> **TASK INSTRUCTIONS**
Give again, word for word, the lines below that run from the line with "Swallow seamless pattern." through the line with "捷宝TR100迷你mini通". Drop the pictures.

***** DATA SUPPLIED *****

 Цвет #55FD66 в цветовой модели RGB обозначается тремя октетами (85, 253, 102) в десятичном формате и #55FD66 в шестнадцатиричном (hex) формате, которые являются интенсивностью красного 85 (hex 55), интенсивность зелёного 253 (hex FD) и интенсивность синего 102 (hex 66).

*****
***** DATA SUPPLIED *****

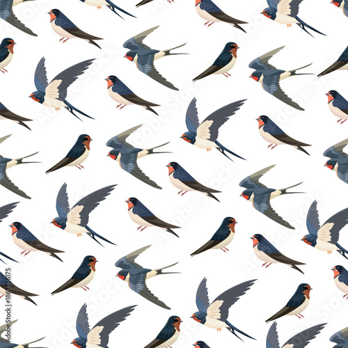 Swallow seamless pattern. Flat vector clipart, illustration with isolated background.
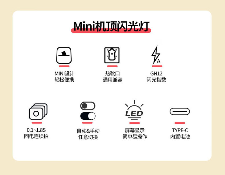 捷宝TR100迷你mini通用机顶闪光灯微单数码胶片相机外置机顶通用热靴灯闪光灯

*****
***** DATA SUPPLIED *****

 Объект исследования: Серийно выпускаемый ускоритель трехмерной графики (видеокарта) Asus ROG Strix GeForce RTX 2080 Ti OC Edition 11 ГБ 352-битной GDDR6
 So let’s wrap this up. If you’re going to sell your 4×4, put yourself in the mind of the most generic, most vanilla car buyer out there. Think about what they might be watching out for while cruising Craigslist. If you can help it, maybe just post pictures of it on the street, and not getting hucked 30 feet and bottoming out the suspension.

*****

> **SOLVED EXERCISE**
 Swallow seamless pattern. Flat vector clipart, illustration with isolated background.
 捷宝TR100迷你mini通用机顶闪光灯微单数码胶片相机外置机顶通用热靴灯闪光灯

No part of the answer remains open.